The inverse clustering mechanism is as shown in Fig. 6b. The longer connections are connected using the lowest level of the tree, and the closer connections have to traverse the entire tree. This ensures that for long connections which get routed on the Level2 interconnect, the number of switches traversed is small.

# 5. ARCHITECTURAL OPTIMIZATION - CLB

The contribution of the CLB to the total energy is negligible. During the design process the interest in the CLB structure was more in how it affects the interconnect utilization, and hence the interconnect energy. The CLB structure chosen was a cluster of 3-input lookup tables (LUTs). This enables us to configure the CLB for bitwise datapath operation, or combined to form a larger LUT for random logic without wastage of CLB functionality.

Prior study has shown that a cluster of 4 3-input LUTs, shown in Fig. 7, is optimal from an energy perspective [4]. This structure is capable of implementing a 5 input combinational logic, or a 2 bit arithmetic operation.



Figure 7. CLB Structure

All the three outputs of the CLB can be latched. This makes it possible to implement high speed datapath operations pipelined at the bit level, since even the carry can be pipelined.

# 6. ARCHITECTURAL OPTIMIZATION - CLOCK

In the data shown in Fig. 2 the contribution of the clock to the total energy dissipation is  $\sim$ 20%. This number can be as high as 50% for highly pipelined circuits.

Early in the design process it was seen that most of the clock energy is dissipated in the global distribution network. In our design Dual Edge Triggered flip-flops [7] are used in the CLBs. This reduces the activity in the clock distribution network by a factor of 2. The increase in complexity because of this change is minimal at the top level. In our design with 3 flip-flops per CLB, the contribution in terms of area from the flip-flops is ~0.8%.

The low-swing signalling described in section 7.2 is used on the global clock network to reduce the energy further.

#### 7. CIRCUIT LEVEL OPTIMIZATION

To complement the optimization done at the architecture level proper circuit level design is imperative. In this work the modifications were concentrated on the interconnect. The main issues dealt with were positioning in the Energy-Delay design space, and low swing interconnect.

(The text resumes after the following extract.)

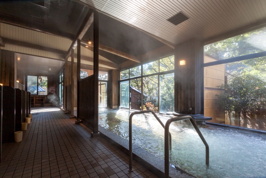 大浴場の内湯では、男性用・女性用ともに古材で組まれた太い梁や壁に貼られた墨色の杉板、大きなガラス窓に映る山の景色が落ち着いた雰囲気を醸し出しています。

# 7.1 Energy-Delay Design Space

The connecting path from one CLB to another is an *RC* chain. The series transistor in the path form the resistors, and the main contribution to the capacitance is from the unused transistors hanging off of the path. The proper design of the interconnect switches is crucial for optimizing the energy of the design. Optimizing the transistor sizes for speed performance can have a dramatic effect on the energy performance. Both these performance criterion have to be balanced. To study the trade-off, the Energy-Delay curve of a typical interconnect path is used. Figure 8 shows a typical interconnect path in an FPGA architecture. The highlighted devices define the path between the two CLBs.



Figure 8. Typical FPGA Interconnect Path

The Energy-Delay Design Space of the above path is shown in Fig. 9.

It is crucial for energy efficiency that you position the design carefully in this space. As can be seen, at the limits of the given technology, the incremental improvement in delay is paid for in terms of higher energy.

# 7.2 Low-Swing Circuit (SDVST-II)

 $E = C * V_{swing} * V_{supply}$  (EQ 1) Eq. 1 supports usage of low swing signalling, especially in



Figure 9. Energy-Delay Design space

light of the fact that the interconnect dominates the FPGA energy. Almost all the low-swing circuit techniques [11] have been targeted at busses, and similar interconnect structures where the load capacitance is accurately known, and there are timing pulses to control the low-swing circuitry. Neither of these conditions is valid in an FPGA interconnect. The capacitance is a function of the connection length (number of segments used), and clocking pulse is dependent on the circuit being implemented.



Figure~10.~Low-Swing~Circuit~(SDVST-II)

The low-swing circuit used in this FPGA architecture is shown in Fig. 10. In the proposed circuit the interconnect swing is at 0.8V, while the rest of the circuit runs at 1.5V. The common drawback of single ended low-swing methods using conventional techniques is the slow speed of the receiver circuit, and the short-circuit current at the receiver end. This circuit employs cascode circuitry, and differential circuits at the receiver end to mitigate these effects. The comparison to a Full-Swing circuit is given in Table1. The energy and delay values include the contribution of the driver, and receiver circuits.

Table 1: SDVST-II vs. Full swing circuit

| Circuit    | E (pJ) | D (nS) | ED  |
|------------|--------|--------|-----|
| Full Swing | 72.3   | 1.9    | 137 |
| SDVST-II   | 31.4   | 2.3    | 72  |

As can be seen, the SDVST-II technique is better by a factor of 2 over the conventional method. This is used on all three levels of interconnect.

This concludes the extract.